Considering the nature of regulations and the sensitivity of personal information, one would assume that IT security is a top priority in the healthcare space. However, an estimated 29 million+ patient health records have been compromised, (classified as HIPAA data breaches,) since 2009. The number of health records breached in 2013 jumped a whopping 138% over 2012. Serious security flaws have even been detected in Obamacare’s much-touted flagship health insurance exchange website, HealthCare.gov, including severe lapses spanning JSON injection, unsanitized URL redirection, user profile disclosures, cookie theft, and unprotected APIs.
The pace at which IT is changing the healthcare landscape makes it a prime target for malicious activity. Industry headwinds such as big data, payer-provider convergence, BYOD, HIX, EHR/EMR, and the Internet of Things (IoT) are adding to the healthcare information security conundrum. Patient records have become increasingly common in the fraud marketplace. When combined with other data sources such as insurance and medical data, the problem assumes more alarming proportions.

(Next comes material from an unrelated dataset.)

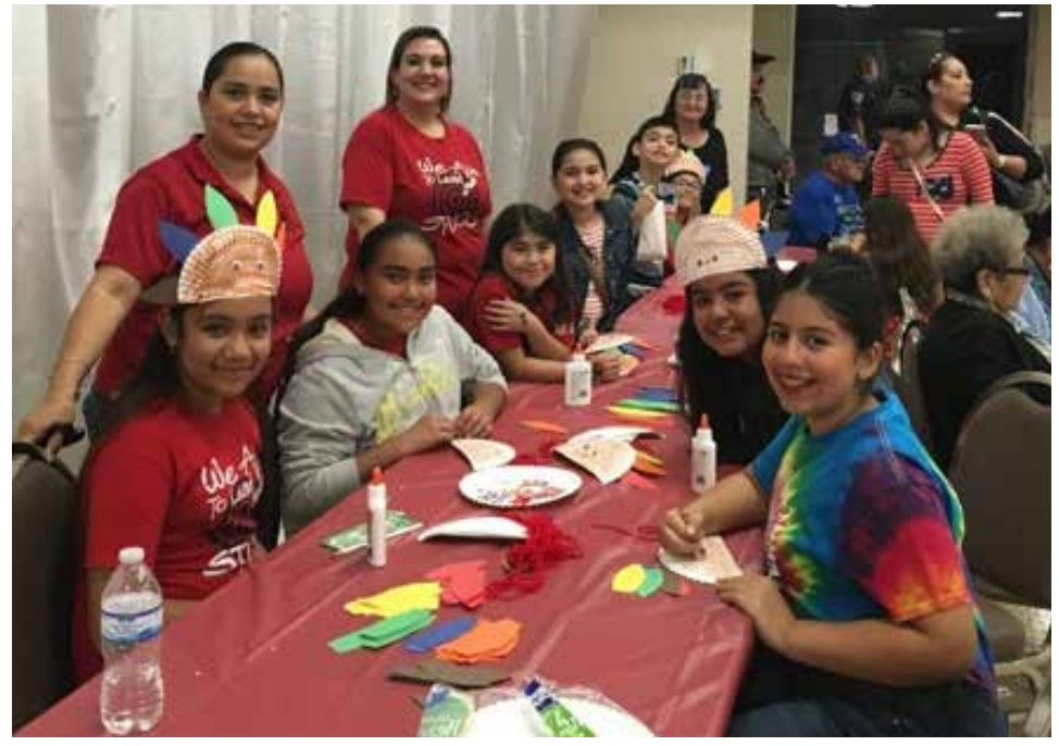
North Heights Elementary StuCo is a team built on service. These past months have been spent logging in community service hours. Pictured are some StuCo members at the Feast of Sharing, where they put together an arts and crafts booth for families to enjoy.

And it’s not a case of absence of punitive measures. Under the new HIPAA Omnibus Rule (effective from September 2013), firms face fines of up to US$1.5 million in the event of a violation (“willful neglect that was not timely corrected”). Europe has enacted several data security measures. Even before the latest regulatory rulings, insurer WellPoint was fined US$1.7 million after its online application database exposed information concerning more than 600,000 patients.
Feeding the problem
Although CIOs often list security as a priority imperative, it just doesn’t translate into actual spending. This discrepancy can be attributed to a confluence of reasons. The problem originates in a lax culture regarding IT security. The majority of information security breaches are highly avoidable, and most lapses can be traced back to sloppy system administrator password practices, careless sharing of sensitive information, failure to change default login credentials, among others. Healthcare information security is still not a top execution priority for most personnel, and most security programs are hampered by lack of relevant expertise and attention. Regulatory inconsistencies compounds the issue, i.e., multiple agencies are involved (FTC, FDA, FCC, to name a few), and their often divergent mandates contribute to the travails of healthcare IT security stakeholders.

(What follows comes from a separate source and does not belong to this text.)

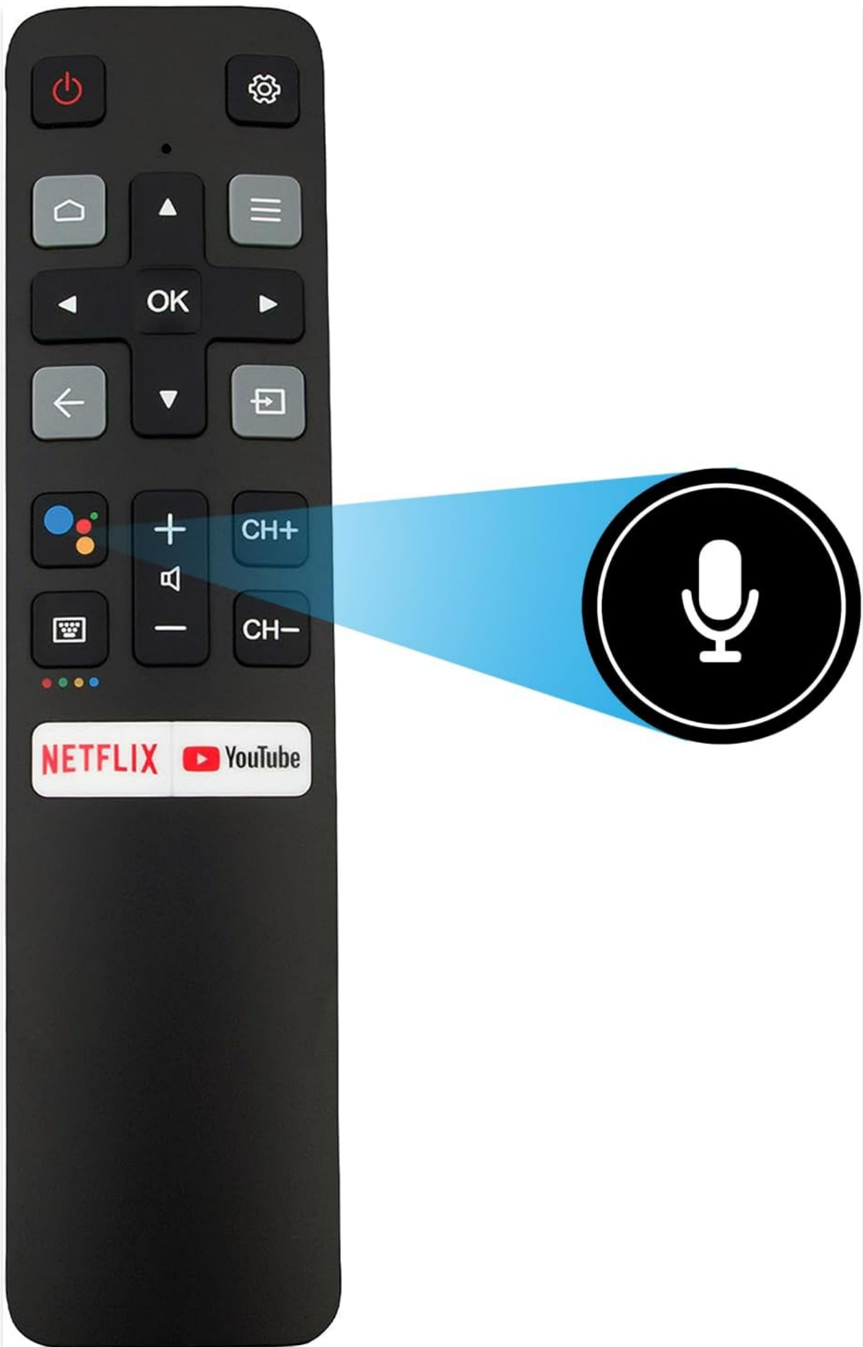
Figure 2: The remote control with an overlay indicating the voice search function, accessible via the dedicated microphone button.

Healthcare IT security roadmap
Stakeholders – both buyers’ internal IT teams and third-party service partners –face an increasingly complex technology conundrum. Any mitigation strategy should incorporate leading practices utilized in similar initiatives:
- Conduct a thorough risk-assessment to proactively identify and secure vulnerabilities
- Establish clear level-driven permission policies (on a need-to-access basis) applicable to data, applications, and devices (keeping in mind expanding BYOD policies)

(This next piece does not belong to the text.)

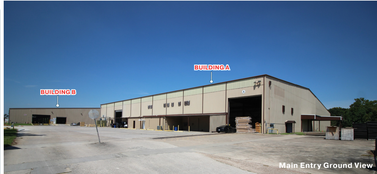
Main Entry Ground View

- Institute appropriate staffing practices to make sure personnel with relevant skills are given charge of security tasks
- Ensure adequate personnel training and sensitization toward information security
- Implement best-in-class encryption standards
- Collaborate with business associates (held to the same standards as HIPAA-covered entities) to establish processes and enforce standards
- Evaluate the security strategy along a security versus accessibility paradigm
- Drive synergy between the business and IT vision to avoid incoherent implementation resulting from disparate imperatives
Ultimately, any healthcare IT security policy has to encapsulate the individual needs and challenges of various stakeholders – patients, providers, payers, and third parties – to ensure equitable access and health information exchange for coordinated care. The unenviable task of securing healthcare information in the onslaught of exploding devices and touch points calls for a carefully thought-out and implemented approach. But first, healthcare IT security must make a monumental shift from being an afterthought to being a primary strategic imperative in any plan design.